[Math] If a is less than 1 in absolute value, than n times a to the n’th power converges to zero


Prove that if $|a|<1$ then
$$\lim_{n\to\infty}{n\cdot a^n}=0$$
Lopital's rule won't help here, and this problem appears in a book before lopital has been taught.

I noticed that:
$$\frac{a_{n+1}}{a_n}=a\frac{n+1}{n}\to a$$

So, can I conclude that it behaves like a geometric series for large n, so it converges to zero?

*Other solution methods are welcome.

Best Answer

You intuition is spot on.
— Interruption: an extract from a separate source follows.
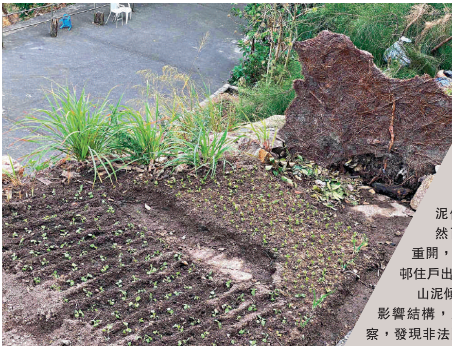
▲在另一處「私家菜田」，可見原本覆蓋斜坡的水泥板被揭起，泥土被翻開種植。

You have that $$\lim\limits_{n\to\infty}\frac{a_{n+1}}{a_n}=a<1$$

Now choose a number $\ell$ with $a<\ell<1$. By the definition of limit, there must exist $N>0$ such that whenever $n\geqslant N$ we have $$\frac{a_{n+1}}{a_n}<\ell $$

In particular when $k=1,2,3,\ldots$ $$a_{N+k}<\ell a_{N+k-1}$$

By repeated use of this we can write, for $k=1,2,\ldots,$ that $$a_{N+k}<\ell ^k a_N$$

Note $N$ is fixed, so as $k\to\infty$ we get that $$\lim\limits_{k\to\infty}a_{N+k}\leqslant a_N \lim_{k\to\infty} \ell^k=0$$

Since we know $a_n\geqslant 0$; we conclude $\lim\limits_{k\to\infty} a_k=0$.
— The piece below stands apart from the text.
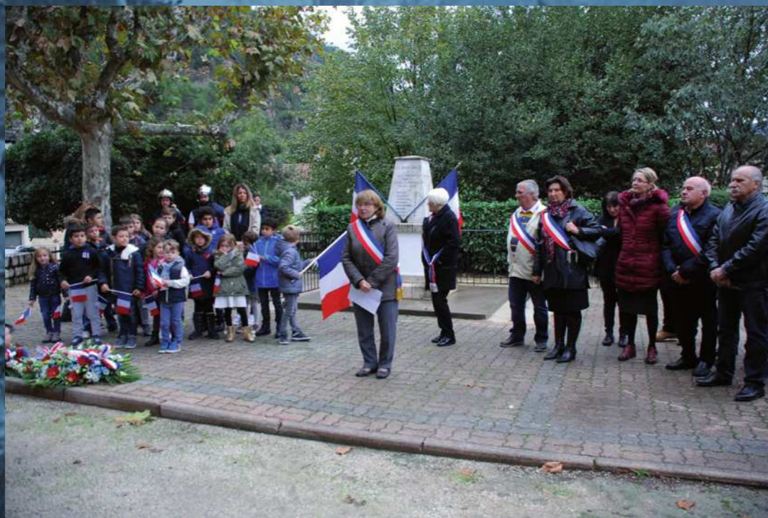
Cérémonies du 18 juin au hameau

Pour honorer comme il se doit ce centenaire, les parents d'élèves et les habitants ont été conviés par la municipalité à un buffet déjeunatoire à la mairie annexe du hameau de Baus-Roux.

This is indeed the very idea behind D'Alambert's criterion

Let $\langle a_n\rangle $ be a sequence of positive terms, and suppose that $$\lim_{k\to\infty}\frac{a_{k+1}}{a_k}=\ell <1$$ Then $\lim\limits_{k\to\infty} a_k=0$. What's more, $\displaystyle\sum_{k\geqslant 0}a_k$ exists.
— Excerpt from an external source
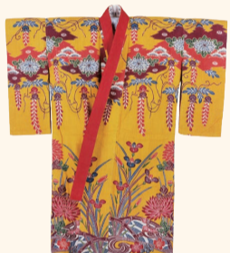
黄色地松皮菱 菊藤菊流水菖蒲文様 紅型木綿袴衣装

那覇市歴史博物館(パレットくもじ4階) 開館時間▼10時〜19時 休館日▼木曜 観覧料▼一般350円(大学生以下無料) ☎869-5266 FAX869-5267

In fact, if you know about $\limsup$ and $\liminf$; we can give a finer criterion.

If $$\ell =\limsup\limits_{n\to\infty}\frac{a_{n+1}}{a_n}<1$$ then the sequences is absolutely summable. If $$\ell'=\liminf\limits_{n\to\infty}\frac{a_{n+1}}{a_n}>1$$ then the sequence is not summable (the sum diverges).